■ Your task:
Take the lines from the one containing "Integrada als seus" through the end of the material and write them out exactly, omitting pictures.

■ Provided material:
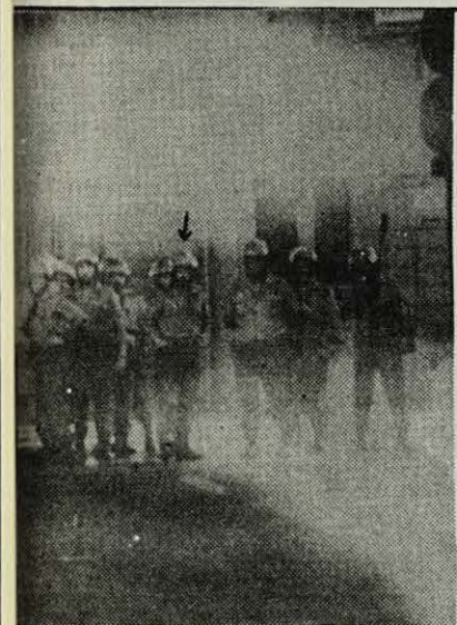
El policia assenyalat: "no hagués sortit de casa".

Integrada als seus orígens pel PSC, MCC, OEC, PSAN, LCR, JCR
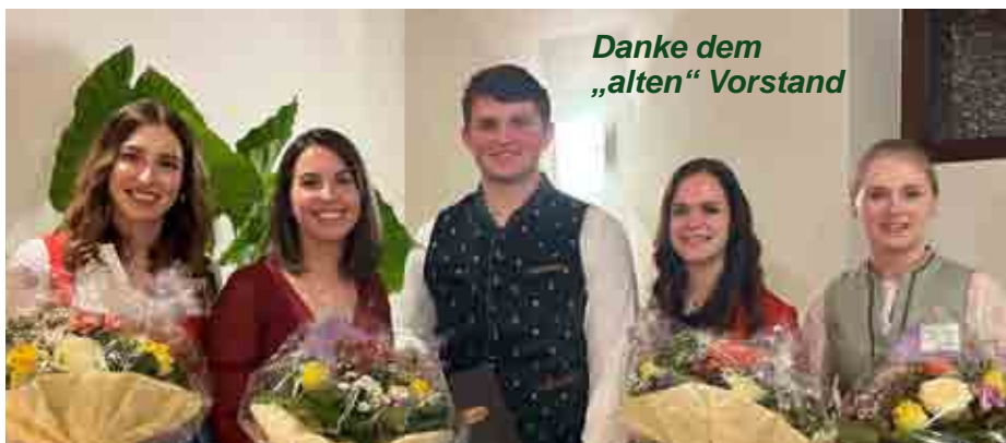
Danke dem „alten“ Vorstand

Ihr Lieben, wir bedanken uns im Namen aller Mitglieder für euren jahrelangen Einsatz. Ihr habt großartiges geleistet und mit euren tollen Ideen und Umsetzungen die Landjugend ein Stück weitergebracht. Vielen Dank!

■ Exercise result:
Integrada als seus orígens pel PSC, MCC, OEC, PSAN, LCR, JCR
Danke dem „alten“ Vorstand

Ihr Lieben, wir bedanken uns im Namen aller Mitglieder für euren jahrelangen Einsatz. Ihr habt großartiges geleistet und mit euren tollen Ideen und Umsetzungen die Landjugend ein Stück weitergebracht. Vielen Dank!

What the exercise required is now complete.